Marcus Daniel Cronin (9 January 1865 – 12 August 1936) was a United States military officer. He served in a number of conflicts, including the Spanish–American War, Philippine–American War and World War I.

== Early life and education ==
Cronin was born in Worcester, Massachusetts on 9 January 1865. He attended the College of the Holy Cross, then attended the United States Military Academy, from which he graduated, 45th in a class of 64, in 1887. Many of Rivers's classmates became general officers during the First World War, including Frank Herman Albright, Alexander Lucian Dade, James Theodore Dean, Charles S. Farnsworth, George Washington Gatchell, Charles Gerhardt, Herman Hall, Thomas Grafton Hanson, Mark L. Hersey, Ernest Hinds, Michael Joseph Lenihan, Ulysses G. McAlexander, Nathaniel Fish McClure, William C. Rivers, George Owen Squier, Charles Brewster Wheeler, and Edmund Wittenmyer.

== Military career ==
On 12 January 1887, Cronin was commissioned as a second lieutenant of the infantry and served on the United States frontier from 1887 to 1893. After his frontier duty, Cronin became an instructor at West Point from 1893 to 1897. With the outbreak of the Spanish–American War, Cronin became regimental adjutant of the 25th Infantry and served in the Santiago Campaign of 1898; during his time in Cuba, Cronin was also a member of the Sanitary Corps.
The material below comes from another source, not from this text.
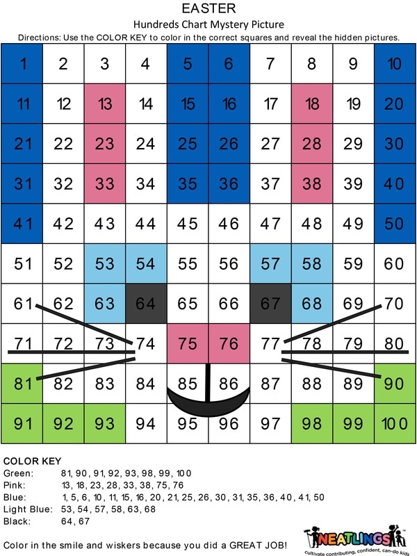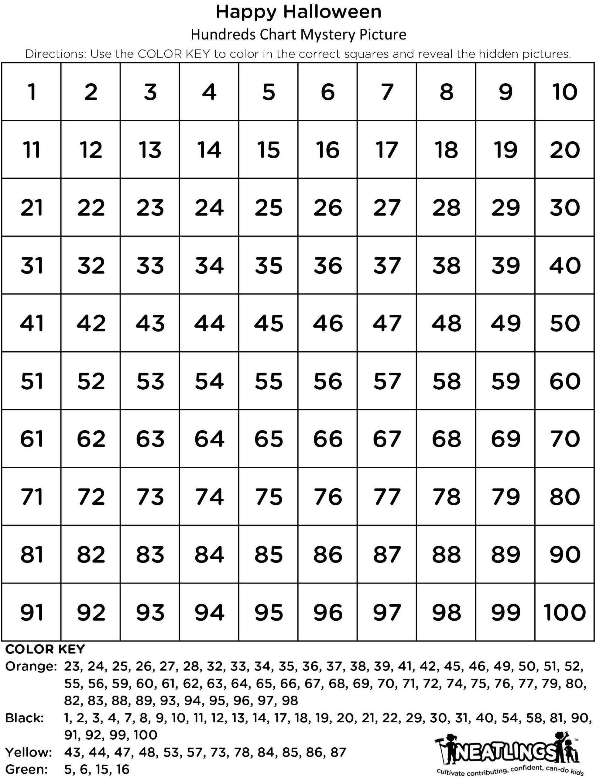 With the 100 chart mystery picture free printable, kids can work on their counting and number sequencing skills in a creative and interactive way. They will have to pay close attention to the numbers on the chart and use them to fill in the correct colors to uncover the hidden image.
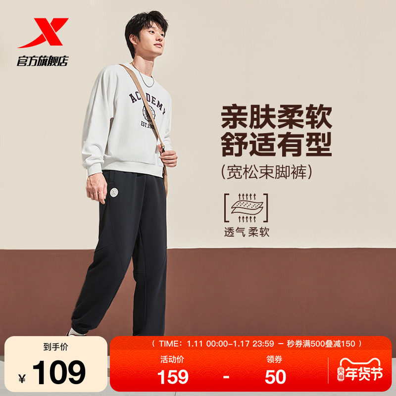 特步休闲裤男女同款长裤春秋季针织运动裤宽松黑色休闲裤收脚卫裤

Later, Cronin attended the Army War College and graduated in 1911. In the subsequent Philippine–American War, Cronin served as colonel of the United States Volunteers and later became assistant chief of the Philippine Constabulary from 1915 to 1917. Following the United States' entry into World War I, Cronin was promoted to brigadier general of the National Army on 5 August 1917. He became commander of the 163rd Infantry Brigade at Camp Gordon, serving in France as part of the American Expeditionary Force. Cronin later retired in 1925.

== Personal life and death ==
Cronin married Helen Hannay on 2 August 1893. He lived in La Jolla, California, and later died in Governors Island, New York, on 12 August 1936. He was buried at San Francisco National Cemetery.